Visualize datacube sample

In this section we visualize an RGB composite for a random date and use the lake polygon as an outline to see if it is aligned correctly.

datacube_sample = datacube.isel(time=50)

rgb = datacube_sample[["b04", "b03", "b02"]].to_dataarray(dim="band")

rgb = rgb.assign_coords(band=["red", "green", "blue"])

vmin, vmax = 0, 0.25
rgb_scaled = (rgb - vmin) / (vmax - vmin)
rgb_scaled = rgb_scaled.clip(0, 1)

rgb_img = rgb_scaled.transpose("y", "x", "band").values

fig, ax = plt.subplots(figsize=(8, 8))
ax.imshow(
    rgb_img,
    extent=[
        float(rgb.x.min()),
        float(rgb.x.max()),
        float(rgb.y.min()),
        float(rgb.y.max()),
    ],
)

lake_gdf.boundary.plot(ax=ax, edgecolor="yellow", linewidth=2)
ax.set_title("RGB composite with lake boundary overlay")
ax.axis("off")
plt.show()
<Figure size 800x800 with 1 Axes>

Cloud masking

In this section we apply the scl band to mask out the clouds. We visualize the same RGB composite as before, but with the mask applied.

valid_classes = [2, 4, 5, 6]

mask = datacube["scl"].isin(valid_classes)

datacube_masked = datacube.where(mask)

datacube_sample = datacube_masked.isel(time=50)

rgb = datacube_sample[["b04", "b03", "b02"]].to_dataarray(dim="band")
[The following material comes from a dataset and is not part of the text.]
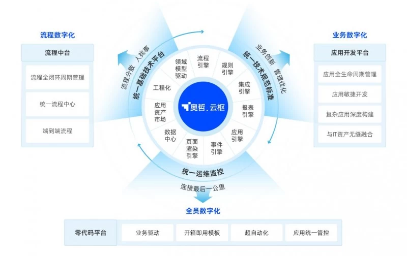 自创立之初,奥哲便以H3 BPM产品在流程管理领域取得了显著的成就,占据了国内市场的领先地位。随着企业数字化转型的需求日益迫切,奥哲推出了云枢低代码开发平台,进一步扩展了服务范围和能力。
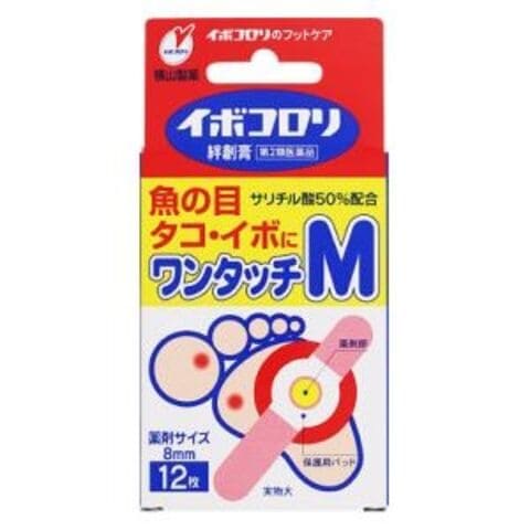 | 被覆してある剥離紙をはぎ取り、中央部のサリチル酸絆創膏が患部を覆うように貼り付けます。 ※裏面〈イボコロリ絆創膏の上手な使い方〉をご覧ください。 〈イボコロリ絆創膏の上手な使い方〉 1.患部を清潔に乾いた状態にします。 ※入浴後、患部をよく拭いてからご使用になると一層効果的です。 2.本品を剥離紙からはがして、薬剤部を患部にあて、ずれないようにしっかり密着させ2~3日貼り続けます。薬剤部から有効成分サリチル酸が浸透し、患部が白く変化してきます。 ※薬剤部が患部からずれたり、入浴等で絆創膏がはがれた場合は貼り替えてください。ぬれた場合は水分をよく拭き取ってご使用ください。 3.白く軟化しはがれ始めた患部をピンセット等で痛みを感じない程度に取り除いてください。患部をお湯につけると取り除きやすくなります。 ※痛む場合は無理に取り除かないでください。 4.患部が完全に取れるまで1.~3.の要領で繰り返しご使用ください。患部が取れた後、皮膚は自然に再生されます。 ※魚の目はしん(角質柱)を完全に取り除かないと再発します。 ※イボを取り除くと滑らかな皮膚が見えてきます。 貼付例:魚の目の場合 1.定められた用法及び用量をお守りください。 2.本剤は外用にのみ使用し、内服しないでください。 3.小児に使用させる場合には、必ず保護者の指導監督のもとに使用させてください。 4.薬剤が健康な皮膚に付着すると、その部分も白く軟化し、痛んだりするので、患部からずれないように使用してください。 5.薬剤部が患部よりひとまわり小さいサイズをお選びください。 6.一度に全部の患部に使用せず、1ヶ所ずつ使用してください。 |

rgb = rgb.assign_coords(band=["red", "green", "blue"])

vmin, vmax = 0, 0.25
rgb_scaled = (rgb - vmin) / (vmax - vmin)
rgb_scaled = rgb_scaled.clip(0, 1)  # keep in [0, 1]
rgb_img = rgb_scaled.transpose("y", "x", "band").values

fig, ax = plt.subplots(figsize=(8, 8))
ax.imshow(
    rgb_img,
    extent=[
        float(rgb.x.min()),
        float(rgb.x.max()),
        float(rgb.y.min()),
        float(rgb.y.max()),
    ],
)
lake_gdf.boundary.plot(ax=ax, edgecolor="yellow", linewidth=2)
ax.set_title("Cloud-masked RGB composite")
ax.axis("off")
plt.show()
<Figure size 800x800 with 1 Axes>

We keep only the dates with a cloud coverage less than 5% over the lake:

valid_classes = [4, 5, 6]
threshold = 0.05

datacube_lake = datacube.rio.clip(lake_gdf.geometry, lake_gdf.crs)

clear_mask = datacube_lake["scl"].isin(valid_classes)

clear_fraction = clear_mask.mean(dim=("y", "x")).compute()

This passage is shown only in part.